- TASK STATEMENT
With the images removed, repeat the data below exactly.

- EXERCISE DATA
..........

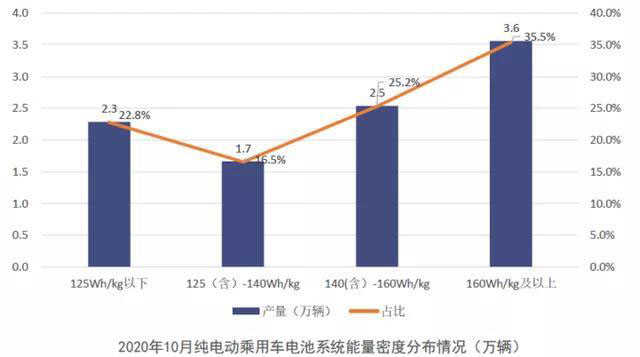 2020年10月,我國純電動乘用車系統(tǒng)能量密度在125Wh/kg以下和160Wh/kg以上車型產(chǎn)量分別為2.3萬輛和3.6萬輛,占比分別為22.8%和35.5%,125Wh/kg(含)-140Wh/kg以下車型產(chǎn)量占比達(dá)16.5%,較9月份上升7.9個百分點。
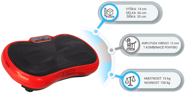 Rozměry vibrační plošiny jsou (dxšxv): 66 x 35 x 14 cm a hmotnost 15 kg, takže není problém ji pohodlně uložit pod postel apod., aby nezabírala zbytečný prostor.
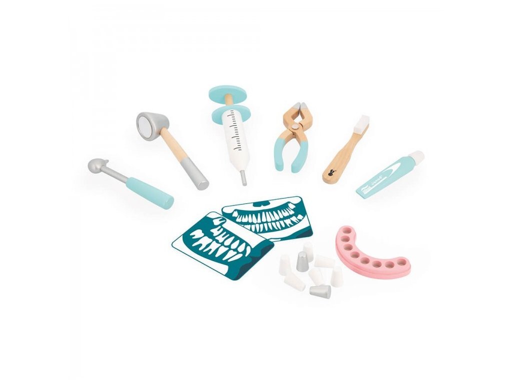 A készlet tartalmaz egy kivehető fogakkal ellátott műfogsort, amelyen a gyerekek gyakorolhatják készségeiket, fogókat a fogak kihúzásához, injekciós fecskendőt, fogfúrót, fogkefét, fogkrémet tubusban és egyéb kiegészítőket.
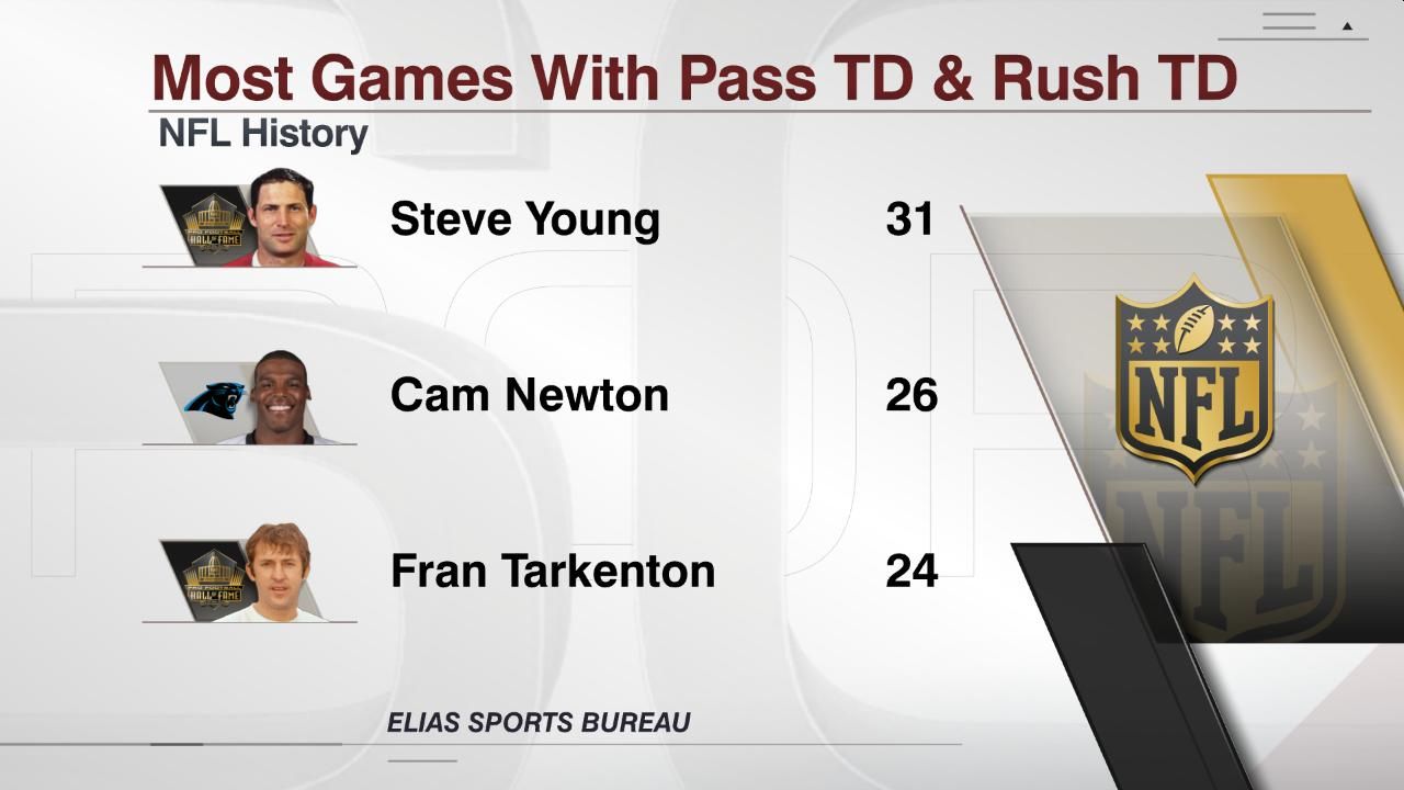 Just three games into his fifth season, the Panthers' starter notched his 26th game with a passing and rushing touchdown. Only Steve Young has done it more in NFL history.

..........

- FINISHED EXERCISE
 2020年10月,我國純電動乘用車系統(tǒng)能量密度在125Wh/kg以下和160Wh/kg以上車型產(chǎn)量分別為2.3萬輛和3.6萬輛,占比分別為22.8%和35.5%,125Wh/kg(含)-140Wh/kg以下車型產(chǎn)量占比達(dá)16.5%,較9月份上升7.9個百分點。
 Rozměry vibrační plošiny jsou (dxšxv): 66 x 35 x 14 cm a hmotnost 15 kg, takže není problém ji pohodlně uložit pod postel apod., aby nezabírala zbytečný prostor.
 A készlet tartalmaz egy kivehető fogakkal ellátott műfogsort, amelyen a gyerekek gyakorolhatják készségeiket, fogókat a fogak kihúzásához, injekciós fecskendőt, fogfúrót, fogkefét, fogkrémet tubusban és egyéb kiegészítőket.
 Just three games into his fifth season, the Panthers' starter notched his 26th game with a passing and rushing touchdown. Only Steve Young has done it more in NFL history.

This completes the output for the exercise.